Task to carry out
Below is a listing; print exactly its lines from the one containing "The 'Frida Ornamento'" down to the one containing "I’m so excited", both inclusive, with every picture left out.

Data extracts
=== Begin Enclosure ===

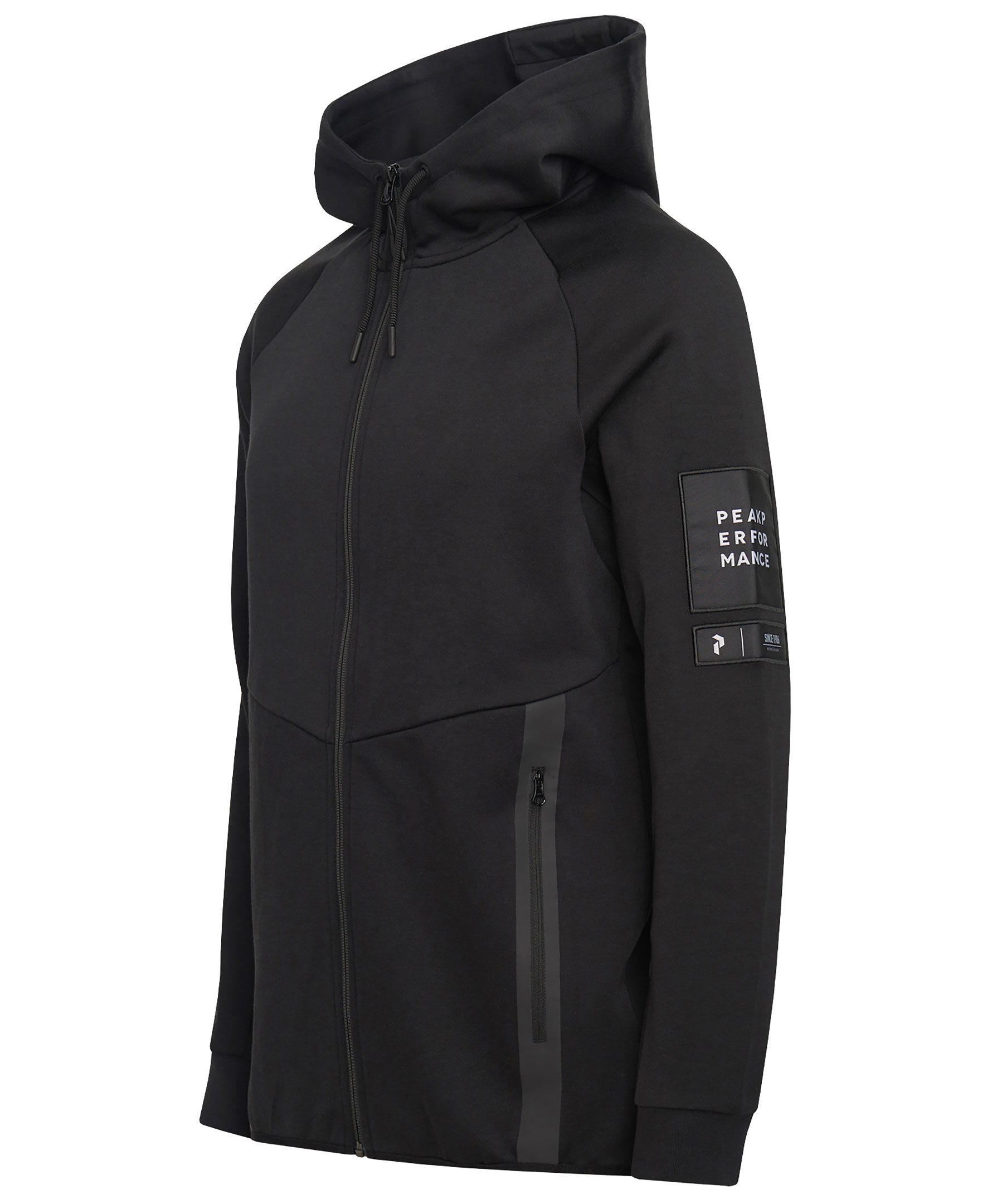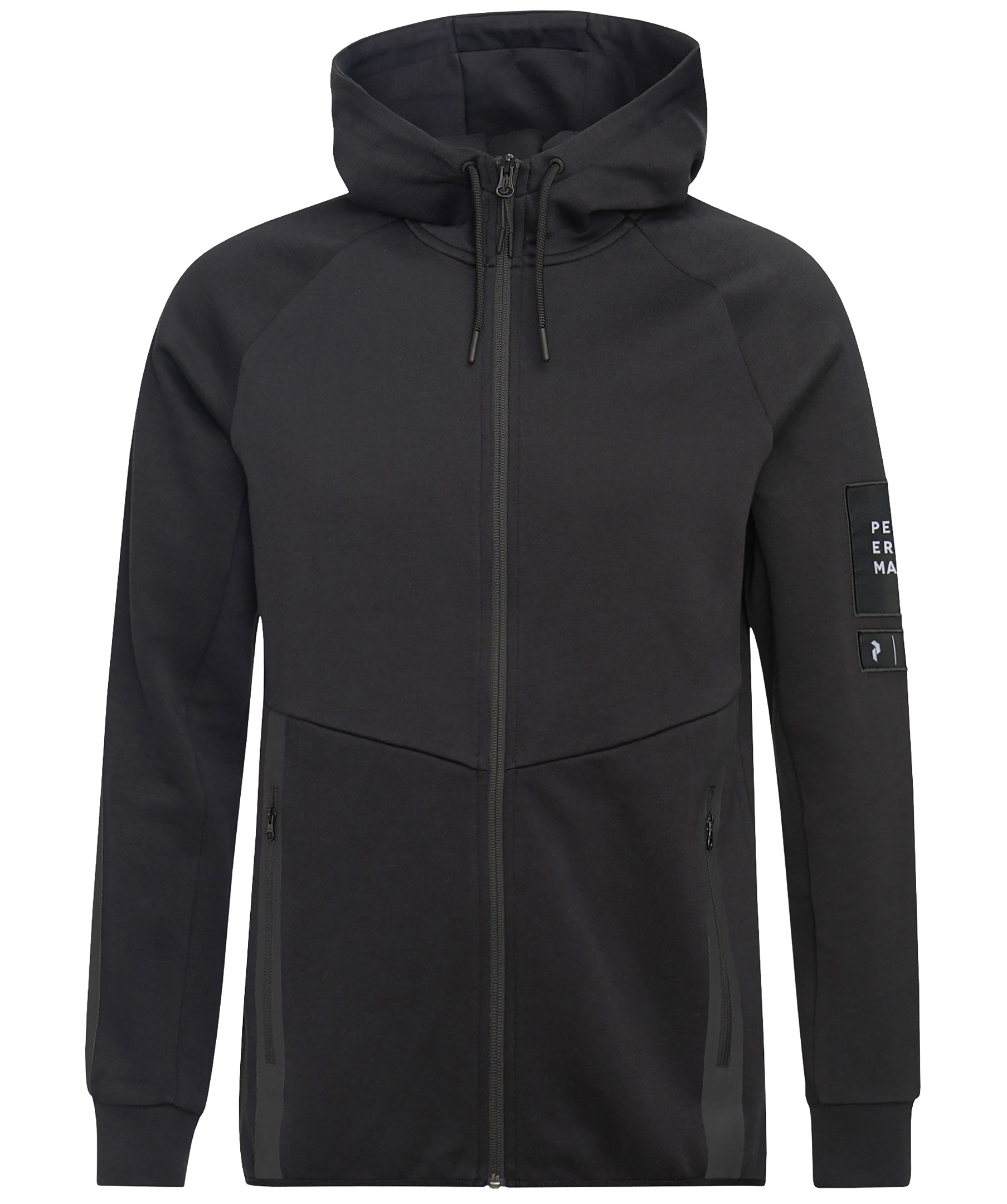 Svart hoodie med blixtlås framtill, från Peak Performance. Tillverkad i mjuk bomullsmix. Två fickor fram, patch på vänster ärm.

=== End Enclosure ===
=== Begin Enclosure ===

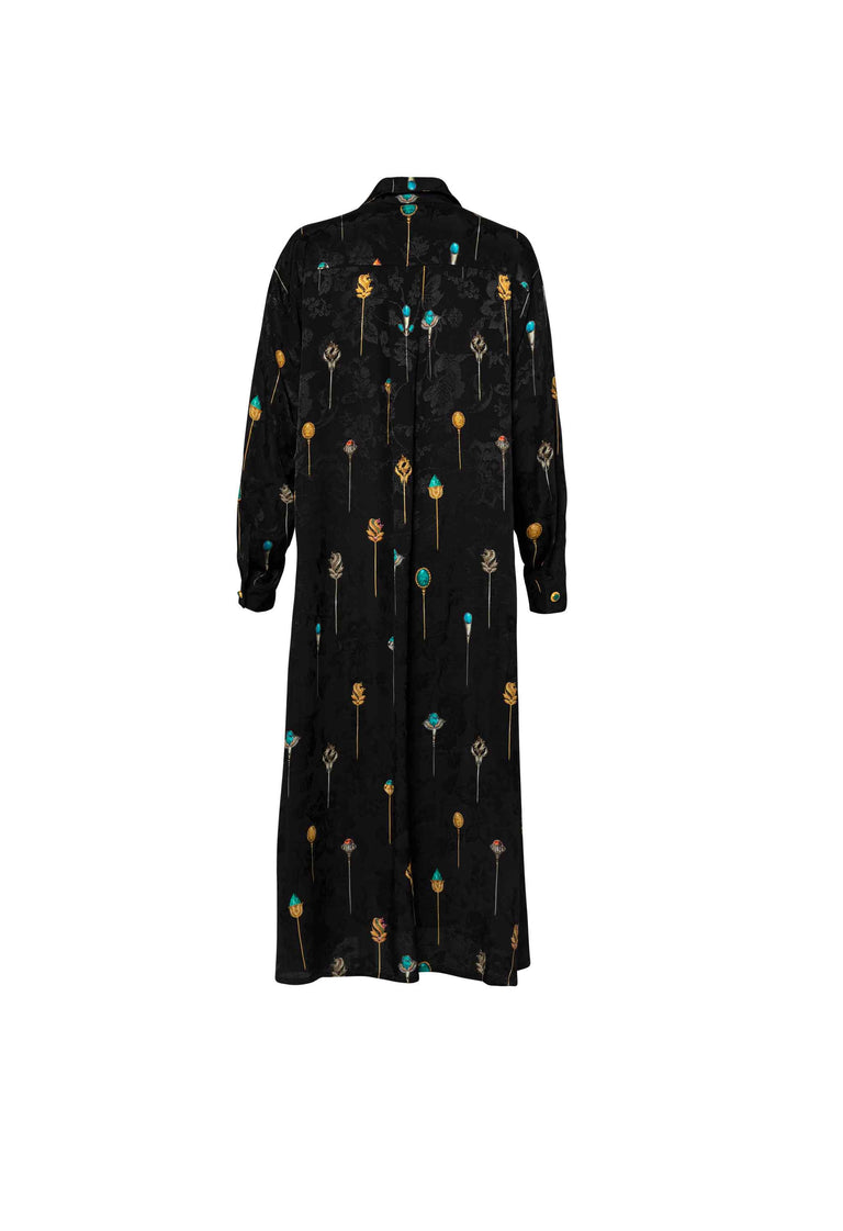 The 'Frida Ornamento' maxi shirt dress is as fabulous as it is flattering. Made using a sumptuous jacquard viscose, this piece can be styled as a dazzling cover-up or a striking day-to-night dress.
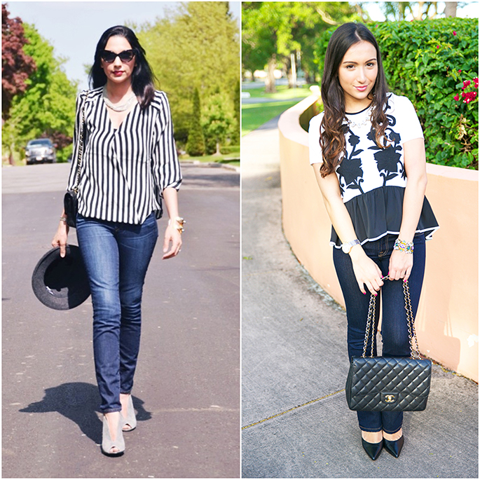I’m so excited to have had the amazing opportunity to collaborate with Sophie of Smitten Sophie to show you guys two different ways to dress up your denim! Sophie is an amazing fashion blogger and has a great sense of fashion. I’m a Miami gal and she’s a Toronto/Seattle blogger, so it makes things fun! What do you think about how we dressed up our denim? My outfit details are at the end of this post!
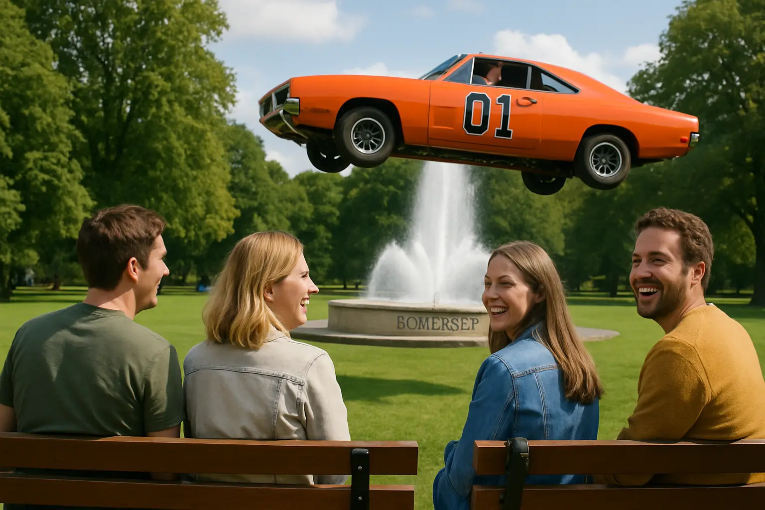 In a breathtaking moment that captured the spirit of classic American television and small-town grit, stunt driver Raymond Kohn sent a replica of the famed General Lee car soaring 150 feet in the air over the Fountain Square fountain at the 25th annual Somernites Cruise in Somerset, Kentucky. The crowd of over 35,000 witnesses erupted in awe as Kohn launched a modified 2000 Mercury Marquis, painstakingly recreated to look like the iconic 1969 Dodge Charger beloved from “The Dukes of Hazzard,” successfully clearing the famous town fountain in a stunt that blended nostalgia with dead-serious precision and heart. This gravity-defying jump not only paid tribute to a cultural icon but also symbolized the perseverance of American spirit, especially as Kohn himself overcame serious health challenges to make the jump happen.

=== End Enclosure ===

Written response
 The 'Frida Ornamento' maxi shirt dress is as fabulous as it is flattering. Made using a sumptuous jacquard viscose, this piece can be styled as a dazzling cover-up or a striking day-to-night dress.
I’m so excited to have had the amazing opportunity to collaborate with Sophie of Smitten Sophie to show you guys two different ways to dress up your denim! Sophie is an amazing fashion blogger and has a great sense of fashion. I’m a Miami gal and she’s a Toronto/Seattle blogger, so it makes things fun! What do you think about how we dressed up our denim? My outfit details are at the end of this post!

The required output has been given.